** Records supplied follows **

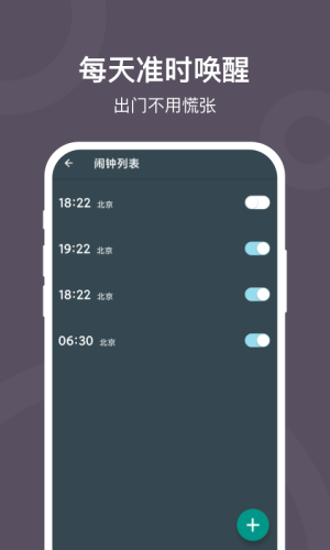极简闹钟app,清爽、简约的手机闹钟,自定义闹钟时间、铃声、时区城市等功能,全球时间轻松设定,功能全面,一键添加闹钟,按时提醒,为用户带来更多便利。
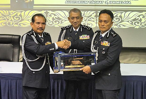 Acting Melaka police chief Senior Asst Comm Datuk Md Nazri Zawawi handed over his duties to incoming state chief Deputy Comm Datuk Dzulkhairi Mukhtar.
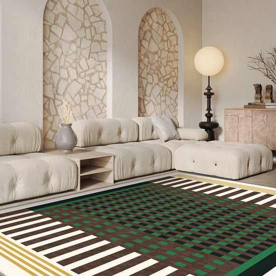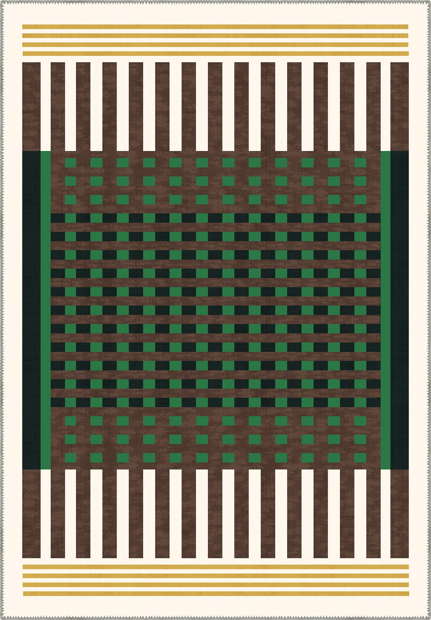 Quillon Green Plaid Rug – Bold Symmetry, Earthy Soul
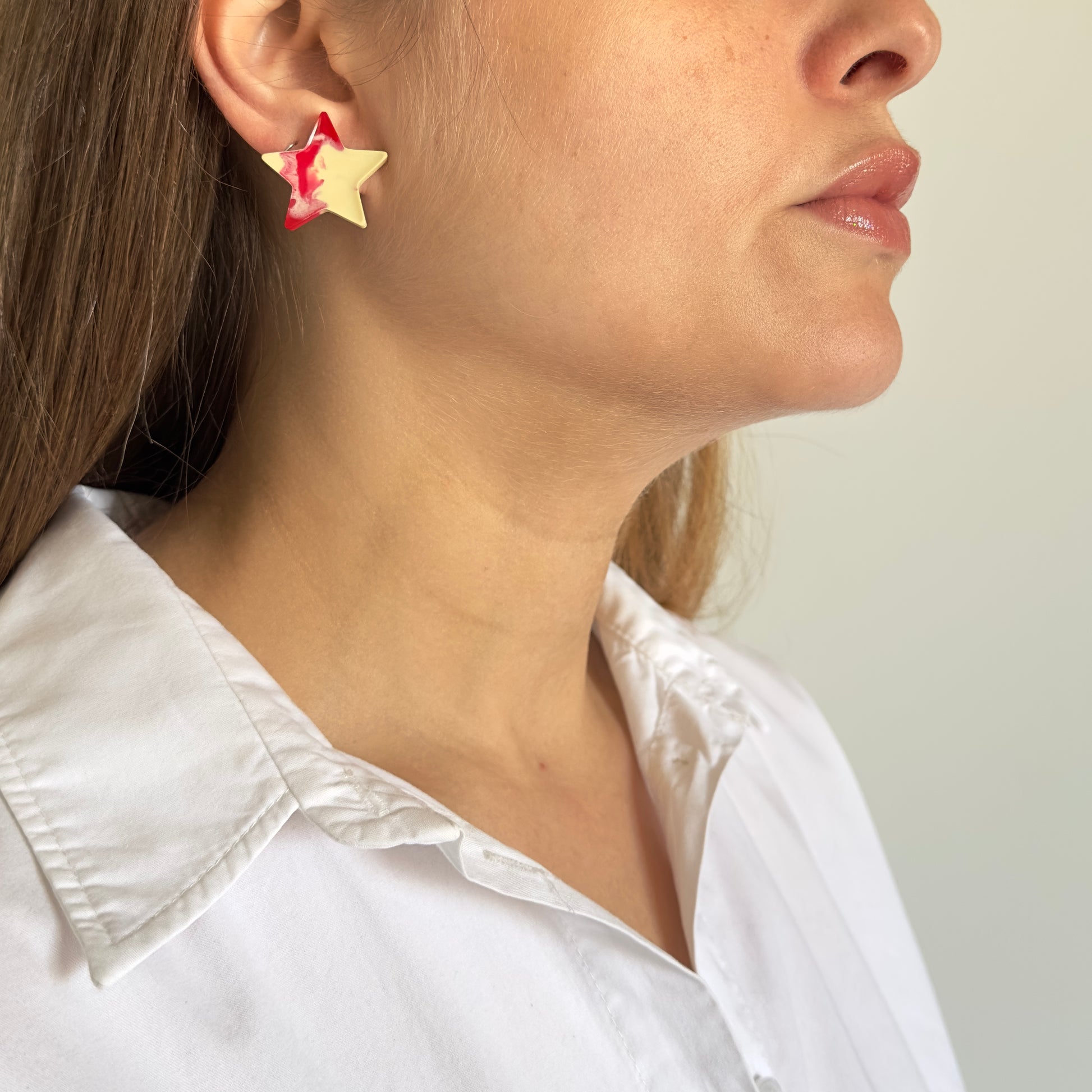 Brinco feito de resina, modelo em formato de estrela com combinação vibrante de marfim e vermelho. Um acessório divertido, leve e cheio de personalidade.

** End of Records supplied **
** Records supplied follows **

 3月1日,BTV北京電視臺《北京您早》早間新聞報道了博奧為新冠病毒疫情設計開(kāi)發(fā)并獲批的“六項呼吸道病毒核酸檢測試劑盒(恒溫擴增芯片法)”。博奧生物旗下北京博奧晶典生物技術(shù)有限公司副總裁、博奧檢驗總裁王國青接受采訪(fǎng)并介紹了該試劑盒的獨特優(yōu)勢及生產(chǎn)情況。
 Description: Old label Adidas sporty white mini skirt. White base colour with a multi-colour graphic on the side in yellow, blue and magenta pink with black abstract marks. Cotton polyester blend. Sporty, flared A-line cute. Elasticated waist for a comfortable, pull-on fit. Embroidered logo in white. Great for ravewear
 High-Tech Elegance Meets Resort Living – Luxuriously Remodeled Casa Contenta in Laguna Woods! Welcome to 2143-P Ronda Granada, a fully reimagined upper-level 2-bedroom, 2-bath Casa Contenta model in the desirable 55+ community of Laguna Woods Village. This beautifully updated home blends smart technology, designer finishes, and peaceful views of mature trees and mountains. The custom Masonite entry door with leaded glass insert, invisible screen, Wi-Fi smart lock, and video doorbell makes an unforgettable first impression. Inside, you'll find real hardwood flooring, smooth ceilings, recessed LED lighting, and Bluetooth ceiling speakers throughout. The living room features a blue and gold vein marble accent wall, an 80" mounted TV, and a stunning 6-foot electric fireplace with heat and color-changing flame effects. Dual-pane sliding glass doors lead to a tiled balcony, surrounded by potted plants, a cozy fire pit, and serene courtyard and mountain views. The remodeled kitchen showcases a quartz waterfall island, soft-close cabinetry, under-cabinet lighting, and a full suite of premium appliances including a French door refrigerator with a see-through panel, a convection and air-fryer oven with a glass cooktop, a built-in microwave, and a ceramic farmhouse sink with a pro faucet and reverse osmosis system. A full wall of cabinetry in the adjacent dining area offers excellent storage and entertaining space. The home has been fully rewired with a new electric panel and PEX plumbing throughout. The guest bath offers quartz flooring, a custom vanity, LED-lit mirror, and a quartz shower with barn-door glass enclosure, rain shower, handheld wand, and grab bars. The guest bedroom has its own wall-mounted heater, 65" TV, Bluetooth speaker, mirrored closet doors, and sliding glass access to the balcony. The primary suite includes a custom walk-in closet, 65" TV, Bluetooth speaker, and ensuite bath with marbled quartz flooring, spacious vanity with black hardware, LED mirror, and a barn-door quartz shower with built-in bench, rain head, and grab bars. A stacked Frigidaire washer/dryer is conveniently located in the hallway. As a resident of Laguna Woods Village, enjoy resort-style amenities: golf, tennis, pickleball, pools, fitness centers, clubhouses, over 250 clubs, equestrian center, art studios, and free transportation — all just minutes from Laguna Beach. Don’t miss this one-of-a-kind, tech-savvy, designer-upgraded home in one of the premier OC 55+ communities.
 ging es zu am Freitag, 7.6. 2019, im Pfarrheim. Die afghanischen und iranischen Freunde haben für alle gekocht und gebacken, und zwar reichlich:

** End of Records supplied **
** Records supplied follows **

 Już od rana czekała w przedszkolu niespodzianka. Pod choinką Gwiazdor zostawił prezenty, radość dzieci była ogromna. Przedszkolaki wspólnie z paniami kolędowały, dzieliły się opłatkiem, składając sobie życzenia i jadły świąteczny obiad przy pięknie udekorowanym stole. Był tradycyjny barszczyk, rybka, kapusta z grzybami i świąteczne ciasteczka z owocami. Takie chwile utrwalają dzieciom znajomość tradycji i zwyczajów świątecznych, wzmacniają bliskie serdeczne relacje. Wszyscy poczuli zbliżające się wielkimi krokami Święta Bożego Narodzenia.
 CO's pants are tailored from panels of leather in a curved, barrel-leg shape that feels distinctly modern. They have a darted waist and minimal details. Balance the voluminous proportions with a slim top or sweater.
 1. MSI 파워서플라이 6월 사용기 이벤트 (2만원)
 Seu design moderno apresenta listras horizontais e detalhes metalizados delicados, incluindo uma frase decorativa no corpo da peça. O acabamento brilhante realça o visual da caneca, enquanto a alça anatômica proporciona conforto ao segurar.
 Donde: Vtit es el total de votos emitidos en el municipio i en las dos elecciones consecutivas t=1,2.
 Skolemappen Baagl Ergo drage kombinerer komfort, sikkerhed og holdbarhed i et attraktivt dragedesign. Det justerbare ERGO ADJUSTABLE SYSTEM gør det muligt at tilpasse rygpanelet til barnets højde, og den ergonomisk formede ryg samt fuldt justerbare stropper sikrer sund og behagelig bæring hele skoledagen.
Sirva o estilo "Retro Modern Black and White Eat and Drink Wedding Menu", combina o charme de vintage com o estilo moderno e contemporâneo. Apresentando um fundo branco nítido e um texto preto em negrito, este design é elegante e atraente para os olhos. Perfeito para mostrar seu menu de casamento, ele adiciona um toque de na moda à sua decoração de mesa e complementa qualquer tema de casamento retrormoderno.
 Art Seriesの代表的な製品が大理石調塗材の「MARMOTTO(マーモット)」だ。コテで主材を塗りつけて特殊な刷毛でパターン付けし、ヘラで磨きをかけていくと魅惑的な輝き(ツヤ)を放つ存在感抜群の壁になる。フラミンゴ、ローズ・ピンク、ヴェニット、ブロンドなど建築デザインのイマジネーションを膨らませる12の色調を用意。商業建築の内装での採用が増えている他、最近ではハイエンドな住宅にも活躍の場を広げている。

** End of Records supplied **

Task instructions ::
Going by the data above, give back only the lines from the one containing "Acting Melaka police" through the one containing "Brinco feito de", exactly as they stand, both ends included and no images.

Answer to this problem ::
 Acting Melaka police chief Senior Asst Comm Datuk Md Nazri Zawawi handed over his duties to incoming state chief Deputy Comm Datuk Dzulkhairi Mukhtar.
 Quillon Green Plaid Rug – Bold Symmetry, Earthy Soul
 Brinco feito de resina, modelo em formato de estrela com combinação vibrante de marfim e vermelho. Um acessório divertido, leve e cheio de personalidade.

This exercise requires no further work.